Thursday, March 22, 2007

The disappeared get a trial

Before they are completely erased.

Photo Sharing and Video Hosting at Photobucket

Trials starting at Guantanamo:

The Pentagon is launching its first trials of long-term detainees at Guantanamo. The trials will take place before military tribunals, which grant very few rights to defense attorneys. Ironically, it became clear long ago that the overwhelming majority of the prisoners at Guantanamo were not terrorists.

[snip]

For half a decade, the prisoners at Guantanamo have been in a state of legal limbo as they awaited their trial, but now the Americans are set to try the first of 385 prisoners still being held at the US military enclave on Cuba. The first group of prisoners arrived in Guantanamo in January 2002 dressed in orange overalls with hoods covering their heads.

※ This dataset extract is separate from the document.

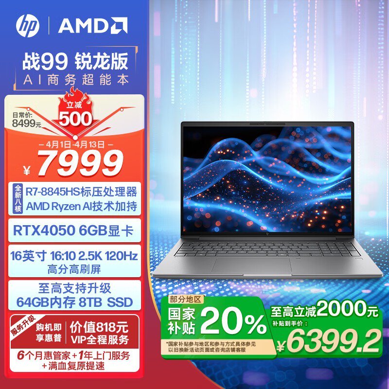 惠普战99超能本16英寸灰R7-8845HS RTX4050 32G 1TB SSD
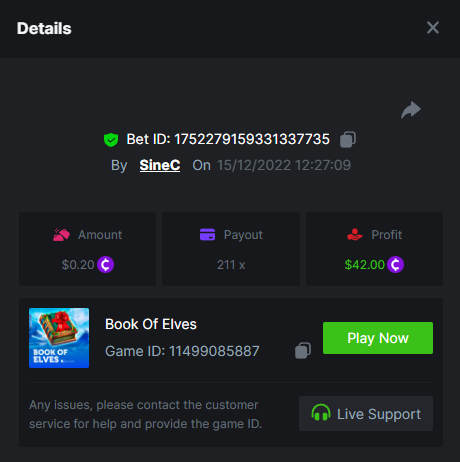 7. Book of Elves 211 https://bc.game/#/sd/10ZAS94LM9ARDF Book of Piggy Bank Riches 239 https://bc.game/#/sd/10ZAUE3ZVGOYS3 Wolf Gang - Golden Sands 34.6663 https://bc.game/#/sd/10ZB3213PM4DG3 Athena's Glory 51 https://bc.game/#/sd/10ZB465G7TDXXV Hut with Chicken Legs 45.4 https://bc.game/#/sd/10ZAW5FECXE1AR

Former US Secretary of Defense Donald Rumsfeld called them "the worst of the worst," presenting the world with the pictures of men cowering on the ground as a victory in one stage of the war on terror.

[snip]

Since establishing the camp in 2002, the Bush administration has released close to 300 of the roughly 770 prisoners with the explanation that they were "no longer enemy combatants" -- as if being imprisoned at Guantanamo had somehow had a cathartic effect on them. There have been many suicide attempts at the camp since then, three of them successful.